Texto del Evangelio (Jn 11,45-56): En
aquel tiempo, muchos de los judíos que habían venido a casa de María, viendo lo
que había hecho, creyeron en Él. Pero algunos de ellos fueron donde los
fariseos y les contaron lo que había hecho Jesús. Entonces los sumos sacerdotes
y los fariseos convocaron consejo y decían: «¿Qué hacemos? Porque este hombre
realiza muchas señales. Si le dejamos que siga así, todos creerán en Él y
vendrán los romanos y destruirán nuestro Lugar Santo y nuestra nación». Pero
uno de ellos, Caifás, que era el Sumo Sacerdote de aquel año, les dijo:
«Vosotros no sabéis nada, ni caéis en la cuenta que os conviene que muera uno
solo por el pueblo y no perezca toda la nación». Esto no lo dijo por su propia
cuenta, sino que, como era Sumo Sacerdote aquel año, profetizó que Jesús iba a
morir por la nación —y no sólo por la nación, sino también para reunir en uno a
los hijos de Dios que estaban dispersos—. Desde este día, decidieron darle
muerte.
Por
eso Jesús no andaba ya en público entre los judíos, sino que se retiró de allí
a la región cercana al desierto, a una ciudad llamada Efraim, y allí residía
con sus discípulos. Estaba cerca la Pascua de los judíos, y muchos del país
habían subido a Jerusalén, antes de la Pascua para purificarse. Buscaban a
Jesús y se decían unos a otros estando en el Templo: «¿Qué os parece? ¿Que no
vendrá a la fiesta?». Los sumos sacerdotes y los fariseos habían dado órdenes
de que, si alguno sabía dónde estaba, lo notificara para detenerle.
«Jesús
iba a morir por la nación, y no sólo por la nación,
sino también para reunir en
uno a los hijos de Dios que estaban dispersos»

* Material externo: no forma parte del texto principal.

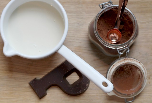 Dit is de basis: de chocoladeletter, melk en cacao.
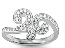 Les nombreuses bagues et les boucles d’oreilles longues brillantes, élégantes et fantaisistes en zircons blancs et noirs captent les rayons de soleil de la Croisette.

Comentario: Rev. D. Xavier
ROMERO i Galdeano (Cervera, Lleida, España)
Hoy, de camino hacia
Jerusalén, Jesús se sabe perseguido, vigilado, sentenciado, porque cuanto más
grande y novedosa ha sido su revelación —el anuncio del Reino— más amplia y más
clara ha sido la división y la oposición que ha encontrado en los oyentes (cf. Jn 11,45-46).
Las palabras
negativas de Caifás, «os conviene que muera uno solo por el pueblo y no perezca
toda la nación» (Jn 11,50), Jesús las
asumirá positivamente en la redención obrada por nosotros. Jesús, el Hijo
Unigénito de Dios, ¡en la Cruz muere por amor a todos! Muere para hacer
realidad el plan del Padre, es decir, «reunir en uno a los hijos de Dios que
estaban dispersos» (Jn 11,52).
¡Y ésta es la
maravilla y la creatividad de nuestro Dios! Caifás, con su sentencia («Os
conviene que muera uno solo...») no hace más que, por odio, eliminar a un
idealista; en cambio, Dios Padre, enviando a su Hijo por amor hacia nosotros,
hace algo maravilloso: convertir aquella sentencia malévola en una obra de amor
redentora, porque para Dios Padre, ¡cada hombre vale toda la sangre derramada
por Jesucristo!
De aquí a una semana
cantaremos —en solemne vigilia— el Pregón pascual. A través de esta maravillosa
oración, la Iglesia hace alabanza del pecado original. Y no lo hace porque
desconozca su gravedad, sino porque Dios —en su bondad infinita— ha obrado
proezas como respuesta al pecado del hombre. Es decir, ante el ‘disgusto
original’, Él ha respondido con la Encarnación, con la inmolación personal y
con la institución de la Eucaristía. Por esto, la liturgia cantará el próximo
sábado: «¡Qué asombroso beneficio de tu amor por nosotros! ¡Qué incomparable
ternura y caridad! ¡Oh feliz culpa que mereció tal Redentor!».
Ojalá que nuestras
sentencias, palabras y acciones no sean impedimentos para la evangelización, ya
que de Cristo recibimos el encargo, también nosotros, de reunir los hijos de
Dios dispersos: «Id y enseñad a toda la gente» (Mt 28,19).